Wednesday, August 31, 2011

A poem for Wednesday

I took a writing workshop in Des Moines. This was one of the things I wrote down there. The really neat thing was reading it aloud to the group and hearing their applause. that is a memory I'm keeping. The picture isn't really Cochise or his grandson but i liked it. It is done with crayolas


Cochise's Grandson




Looking Back --

What can I see?

I see back to when my people were free.
Before the stealers came.

I see vast plains and unpolluted skies.
Before the spoilers came.

I see enormous herds of animals, buffaloes, deer, elk!
Before the killers came.

I see homes and families working together free and happy
Before the dividers came.

I hear the music of my world -
joyful, rhythmic, haunting

Before you came.


Tuesday, August 30, 2011

Somedays


Non Sequitor today seems to have been drawn just for me.


Comment - On Marriage and Women's Rights

"Women in Saudi Arabia are considered property, not people.  Most spend their lives locked away indoors.  They're not permitted to drive an automobile.  They're not permitted to go out in public without a make escort and without first concealing themselves beneath an abaya and a veil.  They're not permitted to travel, even inside the country, without receiving permission from their fathers or older brothers.  Honor killings are permissible if a woman brings shame upon her family or engages in un-Islamic behavior, and adultery is a crime punishable by stoning. In the birthplace of Islam, women cannot even enter a mosque except in Mecca and Medina, which is odd, since the Prophet Muhammad was something of a feminist. 'Treat your women well and be kind to them,' the Prophet said, ' for they are your partners and committed helpers.'"


The above is from the book, Portrait of a Spy by Daniel Silva.  It is the book I am currently reading and it is a novel.
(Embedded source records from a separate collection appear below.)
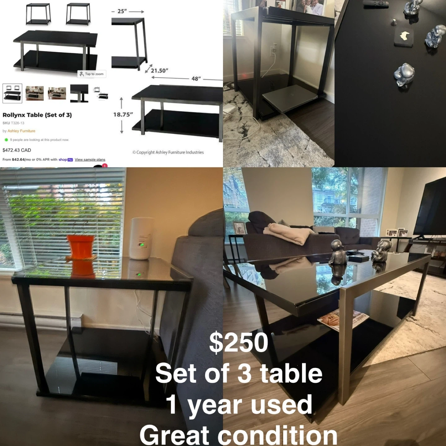 Selling a set of 3 Ashley Furniture Rollynx tables! They're in great condition and have been used for about a year. The set includes a coffee table and two end tables.
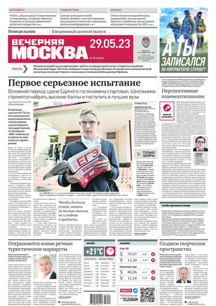 «Вечерняя Москва» — ежедневная российская вечерняя газета, старейшее из вечерних изданий в России, учрежденное в 1923 году. Выходит пять дней в неделю, кроме субботы и воскресенья. Отличается тем, что рассказывает о событиях еще не завершившегося дня. Оперативно освещает хронику и особенности жизни Москвы, охватывает все слои общества и большинство профессиональных и возрастных групп читателей.Издание представлено тремя выпусками – утренним ежедневным, вечерним (выходит три раза в неделю), еженедельным (выходит по четвергам).
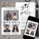 É uma festa de formatura dupla! Anuncie a conquista de dois formandos e convide a família e os amigos a celebrarem com convites personalizados de festa de formatura. As imagens e o texto são simples de personalizar, e as cores podem ser personalizadas usando a ferramenta design Zazzle. (DICA DE IMAGEM: Uma maneira fácil de posicionar uma foto exatamente como você deseja é recortá-la antes de carregá-la no site do Zazzle.) Este modelo é uma placa de lançamento combinada na parte frontal com o convite de festas formando na parte traseira. O design moderno preto e branco apresenta uma caligrafia de script de estilo manuscrito com um boné de conselho de argamassa, uma elegante tipografia clássica e três fotos de sua escolha, como fotos de mais velho ou imagens da cerimônia de início. Este convite de formatura é uma forma na moda para anunciar uma celebração especial para dois formandos, como irmãos, melhores amigos, primos, gêmeos, irmão e irmã, etc. Parabéns para ambos os formandos!

However, it reminded me of the time I was in Egypt in 1976 and one of the lecturers arranged for us to go to an Egyptian wedding.  We were told that what we would be attending was the party after the wedding.  The wedding itself took place in a small room of the Mosque and the bride did not even attend.  She would be at the party but her presence was not necessary at the wedding itself which took place between her father and her husband,  It was a "transfer of property."  She went from being the property of her father to that of her husband. We were told that many times the woman only left the house to go to her husband's house from her fathers at the time of her wedding and also that her bridal veil was her burial shroud. On top of that the Islamic man may have up to four wives.. (at least to my understanding)


When I think of the storm we have going in our country right now over marriage and the presidential candidates have all signed a pledge to define marriage between one man and one woman the mind boggles.
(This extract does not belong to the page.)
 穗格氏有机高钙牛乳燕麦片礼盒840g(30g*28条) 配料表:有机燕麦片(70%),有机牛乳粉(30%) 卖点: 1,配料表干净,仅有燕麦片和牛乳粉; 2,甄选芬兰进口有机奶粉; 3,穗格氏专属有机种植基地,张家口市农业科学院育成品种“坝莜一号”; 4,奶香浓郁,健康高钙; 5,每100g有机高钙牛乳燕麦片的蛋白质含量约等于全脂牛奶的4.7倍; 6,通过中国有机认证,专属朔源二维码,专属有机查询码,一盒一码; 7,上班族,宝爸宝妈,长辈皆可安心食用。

One of the candidates (whom I will not mention by name) goes around saying that a paper towel is not a napkin and a glass of beer is not a glass of water in his homophobic rants he insists (as do the others) that the only kind of marriage anyone can have is between one man and one woman.  


Well, I wonder... What kind of marriage did Abraham have.. Three wives??  Yep.  And don't tell me that two and three were concubines. He had those also.  Later down the line King David wound up with EIGHT wives.


King Solomon - 700 wives and 300 concubines.   Most for alliances but wives never-the-less. 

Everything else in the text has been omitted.